アツマくん「この前、朝のニュース番組で、スポーツキャスターとして、田中雅美さんが出てて」
わたし「田中雅美さんって、競泳の日本代表だったひとよね」
アツマくん「平泳ぎの選手だったんだよ。
で、彼女が、なぜかフィギュアスケートの選手にインタビューしてた」
わたし「いいじゃないの、『スポーツキャスター』なんだから。
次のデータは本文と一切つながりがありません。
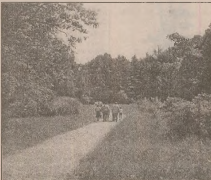
Alee cu Catalpa bignonioides , Pinus strobus și Juniperus virginiana (parcela 48, 50)
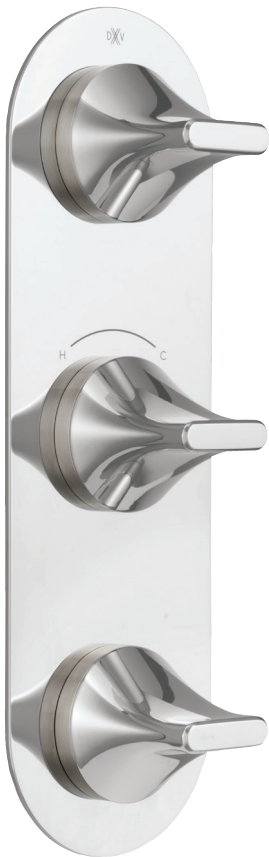
DIAGRAMME DE LA ROBINETTERIE AU VERSO
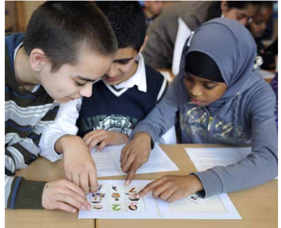
Groep 8 van basisschool de Piramide in Haarlem aan het werk met de Anne Frank Krant.
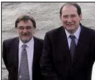
Galan e Chisso

Il conto è in arrivo anche per Renato Chisso. All'ex assessore regionale alle Infrastrutture, che fino a questo momento era rimasto ai margini del procedimento contabile, la Corte dei Conti si prepara a chiedere i danni per le tangenti del Mose, sia quelli di immagine che quelli per il disservizio. Sono le stesse contestazioni oggetto del processo tenutosi a palazzo Mandelli a carico dell'ex governatore del Veneto Giancarlo Galan. Lui, l'ex doge, non si è presentato in aula: motivi di salute hanno precisato i suoi legali spiegando che «è un altro uomo, non si riconosce neppure». Tanto che circolano voci, insistenti, su un possibile trasferimento all'estero. Certo che la nuova tegola non è delle più leggere: lo Stato gli chiede 5,8 milioni di euro, la difesa contesta la richiesta tout court e la definisce «spropositata». Sentenza tra un mese.
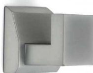
tvarový příklad šatního háčku - lze nabídnout i jiné rovnocenné řešení
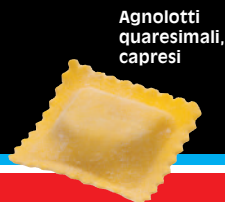
Agnolotti quaresimali, capresi
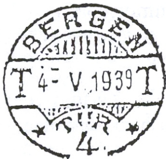
Her TUR-stempel, zoals gebruikt op de getoonde prentbriefkaart, met maandaanduiding met Romeinse cijfer.

競泳専属の解説者じゃなくて『スポーツキャスター』という肩書きならば、いろんな競技の選手とコミュニケーションするものだし、そうであるべきでしょ?」
アツマくん「ぐ…(・_・;)」
わたし「もっとも、スポーツキャスターは、もともとなにかのスポーツを専門的に究(きわ)めてきた、選手出身のひとが多いと思うんだけど、それでも、自分に関わりの薄いスポーツも、勉強すべきだと思うわ。
田中雅美さんだって、フィギュアスケートを勉強して、インタビューに臨んでいるんだと思う」
アツマくん「ぐぅの音も出ない正論…」
なんかお説教みたいになっちゃったな。
なんでだろ。
そうだ。
「あのニュース」を知ったからだ。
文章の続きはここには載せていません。